The new rules "incorporate the lessons of the recent housing crisis and reflect the expanding role of nonbank servicers in the mortgage industry," said Dave Lowman, an executive vice president at Freddie Mac.
Under the new rules, all servicers, including banks, must have a minimum net worth requirement of $2.5 million, plus 25 basis points of the unpaid principal balance on one- to four-family loans serviced.
Nonbank servicers must have a tangible net worth to total assets of at least 6% to meet the minimum capital requirement. For liquidity, they must retain 3.5 basis points on total agency servicing unpaid principal balance, including Ginnie Mae servicing. Nonbank servicers also have to hold 2% against nonperforming loans greater than 6% of their portfolio.

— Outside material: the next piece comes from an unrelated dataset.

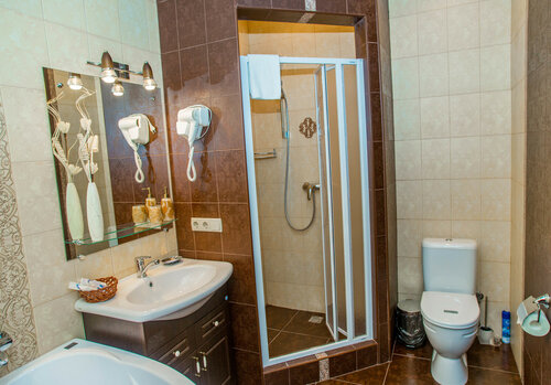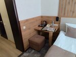 Номер достался единственный N8 считался как полулюкс, но номер еле дотягивал до эконом, и это при цене 5400₽ без завтрака, грязный, пошарпаный, холодный, ванна это отдельная история, входишь и упераешся в огромный "комод" который мешает и в душевую кабину пройти и на унитаз попасть, очень неудобно, крючков в ванной нет , одна полка и то в неудобном месте, зубного набора нет, нужно отдельно покупать, никаких проходных выключатель, ходишь по комнате включаешь, выключаешь всё своими клавишами, ну завтрак , отдельная история, по короткому меню, но я привык, в Арбате тоже самое, вроде как один собственник, концепция одна, но Арбат по уровню значительно выше, возможно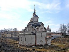 Маленькая, аккуратная, вросшая в землю – но с совершенно чуждой колокольней. Если бы не это - могла бы быть жемчужинкой Ростова (больших жемчужин там хватает, а вот дивной церковки, на мой взгляд, нет). Впрочем, есть точка на валах, откуда колокольня не бросается в глаза. Уникальна тем, что с давних времен не имеет иконостаса – его заменяют фрески, повторяющие традиционные чины. Вообще, стены расписаны очень плотно, и пока всё это сохраняется.

Meeting these new net worth and liquidity will be critical for nonbanks that regularly sell and transfer servicing. The two GSEs will review compliance on a quarterly basis and will "assess whether both the transferor and the transferee servicers meet the minimum financial requirements as a result of the transaction," according to the GSEs.

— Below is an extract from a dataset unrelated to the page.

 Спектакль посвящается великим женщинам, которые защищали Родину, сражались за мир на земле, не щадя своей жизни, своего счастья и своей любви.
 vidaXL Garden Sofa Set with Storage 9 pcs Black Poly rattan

These higher liquidity standards will likely increase the costs for nonbanks. But the GSEs said it should not have an impact on the value of their mortgage servicing rights.
"Fannie Mae carefully considered these impacts and believe the requirements are appropriate and provide the right balance between managing counterparty risks and encouraging investments in the servicing business," according to a Fannie Mae background paper in the form of Frequently Asked Questions.
Pete Mills, the senior vice president of residential policy and member services for the Mortgage Bankers Association, said the "immediate impact on current servicers should not be significantly disruptive."
"MBA, however, does remain concerned about the effects these changes could have long term, particularly on servicers' ability to grow in the future and the possible impact on MSR values," Mills said.